Baltimore: The Wire locations, part two

Baltimore: The Wire locations, part two

Pop Pilgrims
Season 1

When The A.V. Club originally considered potential locations from The Wire for Pop Pilgrims, we had more options than we could handle, hence the two-part episode devoted to one of our favorite shows. One of the first ideas we had for a location was the detail office—the shabby building used by Lt. Daniels and his crew after season one—but location scout Eric Bannat informed us the building was only used for exteriors. (We still visited it anyway.)

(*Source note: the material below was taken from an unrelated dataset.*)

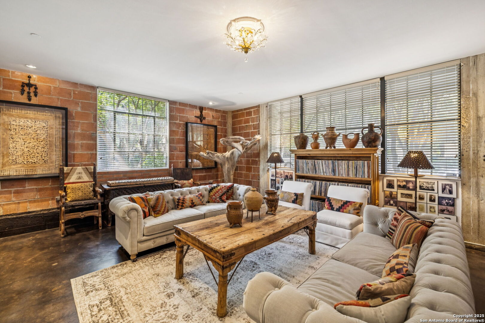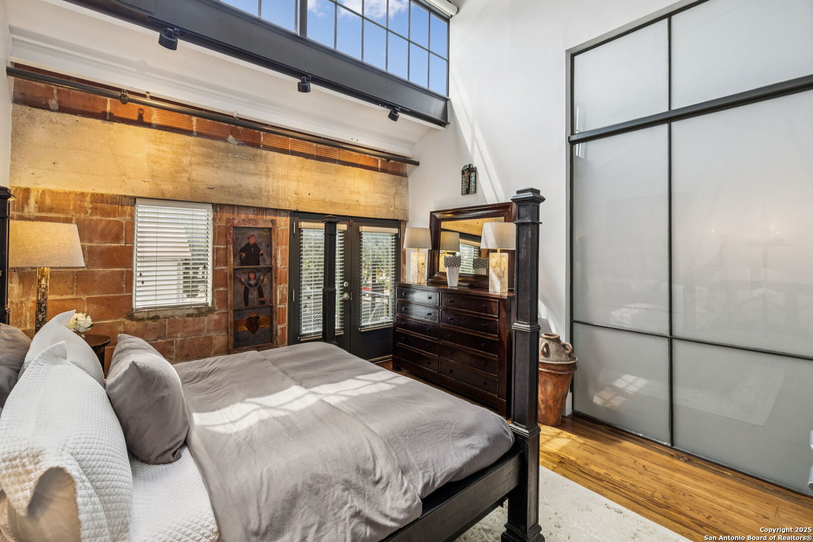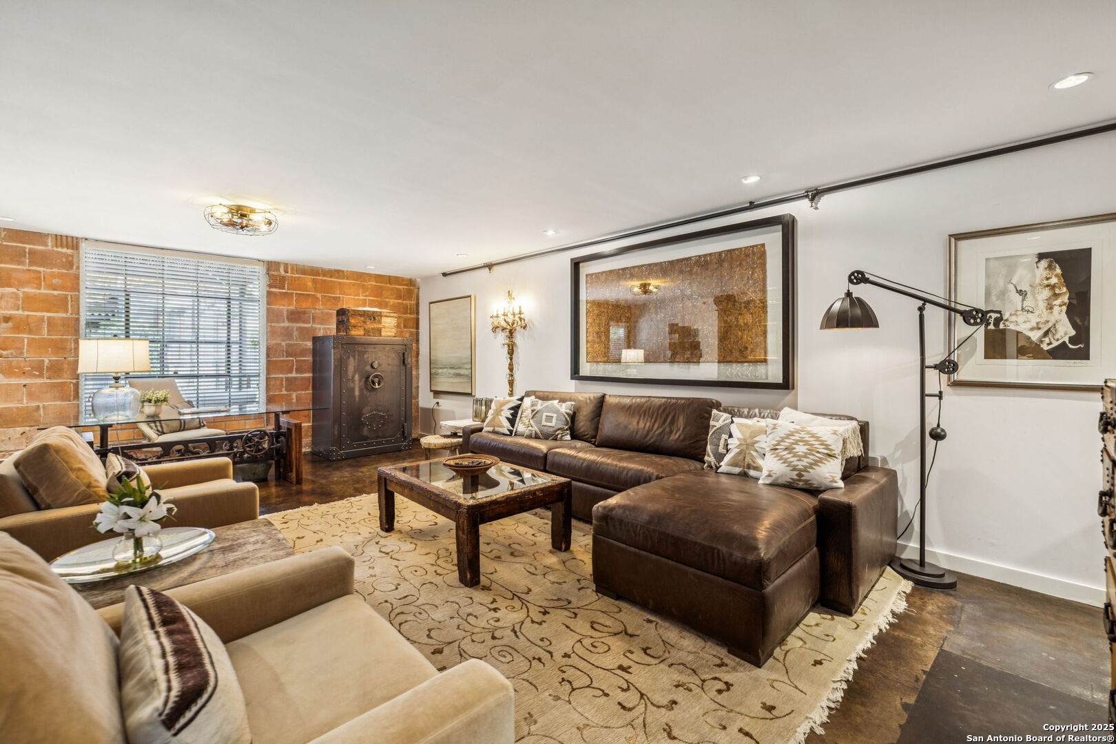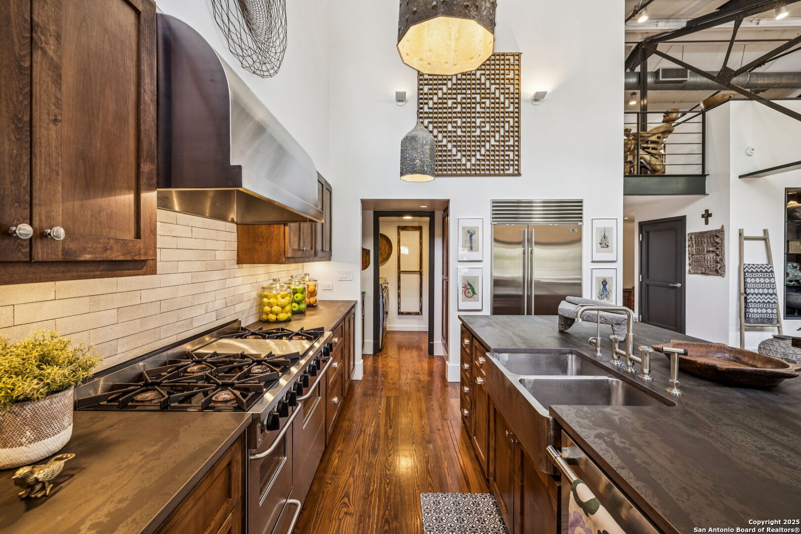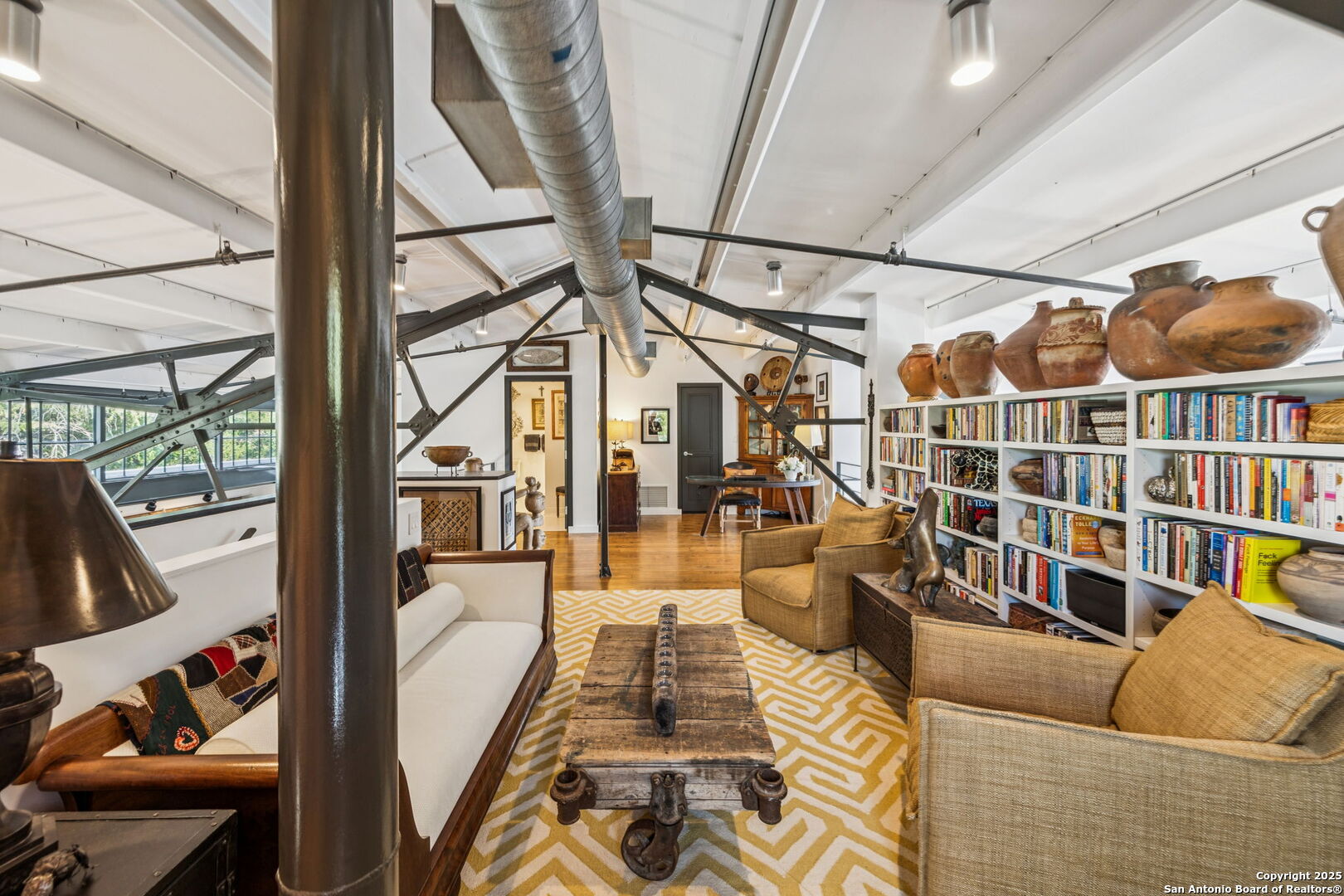 An extraordinary residence within the oldest historic neighborhood in Texas - San Antonio's King William Historic District, this 4,014-square-foot loft unfolds across three levels. Steel beams and exposed brick form the backdrop for interiors that move fluidly between grand gathering spaces and more intimate alcoves, punctuated by multiple patios and balconies that extend the living experience outward. The floor plan offers four distinct living areas, each with its own atmosphere: from a soaring double-height living room edged in industrial windows to fireside seating arranged with sculptural precision. The kitchen takes its place as a functional and aesthetic centerpiece, finished in warm wood cabinetry, professional-grade appliances with gas cooking and dekton countertops Two private bedroom suites anchor the plan, complemented by additional flexible sleeping areas and four full baths. The primary suite is a dramatic gesture in wood and steel, crowned by a custom canopy bed beneath vaulted trusses, with a Japanese copper soaking tub fed by a ceiling-mounted faucet creating a striking focal point in the bath. A curated environment that is part gallery and part sanctuary, this residence offers the scale and function of a house within San Antonio's most storied district and stands as one of its rarest offerings. 4,014 sq ft 2 bedroom suites (with 1-2 additional sleeping areas) 4 full baths 4 living areas 3-levels 4 patio/balconies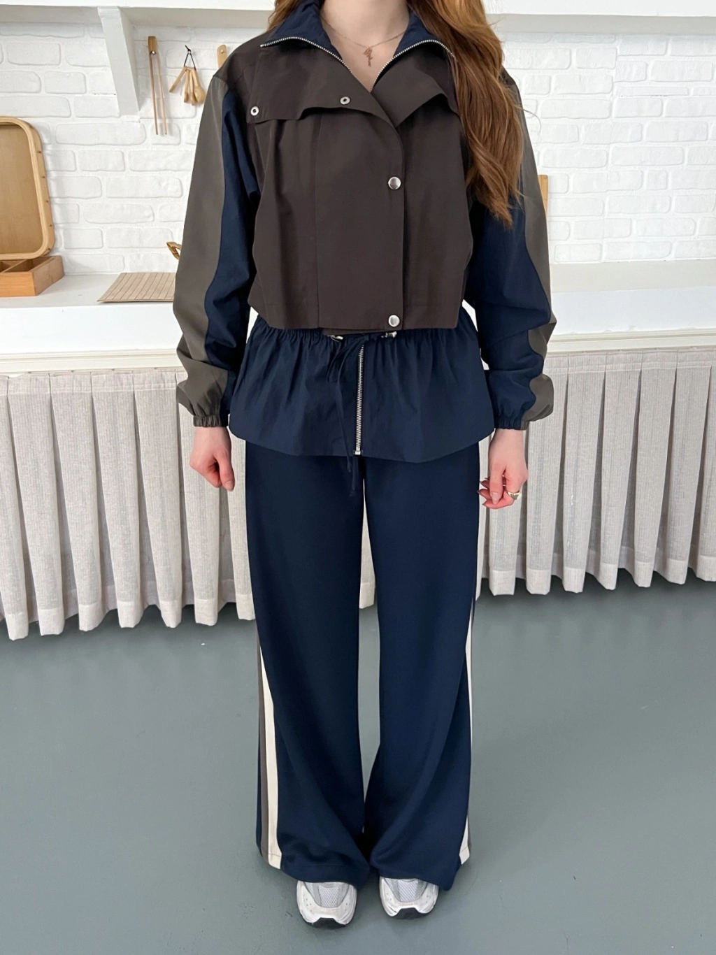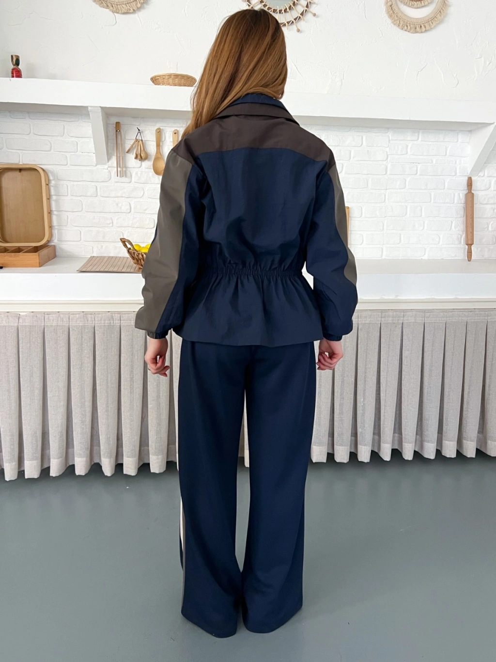 Blok Renk Tasarımlı Çıtçıt Detaylı Bel Lastikli Takım

Another one of our early location ideas was Hamsterdam—the legal drug zone created by Major “Bunny” Colvin in season three. (The name came from a neighborhood resident mishearing the police referencing Amsterdam.) We’d heard that most of the buildings had been torn down, but it turns out they all had been. What’s left is a couple blocks’ worth of empty lots and a fire hydrant.

 

Plenty of locations from The Wire remain, though, and many are in close proximity to each other. As Bannat mentioned in the first of our two Wire episodes, a lot of that came from practicality: They didn’t have a lot of time to shoot, so locations needed to be close to each other. The detail office is about a five-minute walk from the Greek’s diner, and both of those locations are near the port area that occupied The Wire’s second season. We never spent more than a few minutes driving from one location to the next.

At each one, the people were friendly and said nice things about the show, though a couple also mentioned The Wire’s unrelenting bleakness rang a little false. While we missed a squatter in the second floor of Cutty’s gym by minutes, judging by what was left, we also met a guy who was single-handedly making Marlo’s format hangout safe for skaters. Although the plentiful Plexiglass around his cash register may suggest otherwise, Donald Lee from Novak’s says his neighborhood isn’t bad. Like a lot of cities, Baltimore can vary by block. Novak’s corner, at Federal and Chester in the shadow of the cool old American Brewery building, is fine, but a few blocks over may be sketchier, Lee said. As far as we could tell—spoiler ahoy—there were no gun-toting tweens in the store, either. Bad timing, Omar!

If you ever visit locations from The Wire, also check out the extensive, browser-choking tour at the Baltimore site welcometobaltimorehon.com. Also make sure to swing by Fells Point, the location of the police building from Homicide: Life On The Street. There’s a giant plaque out front. Can a statue of David Simon be far behind?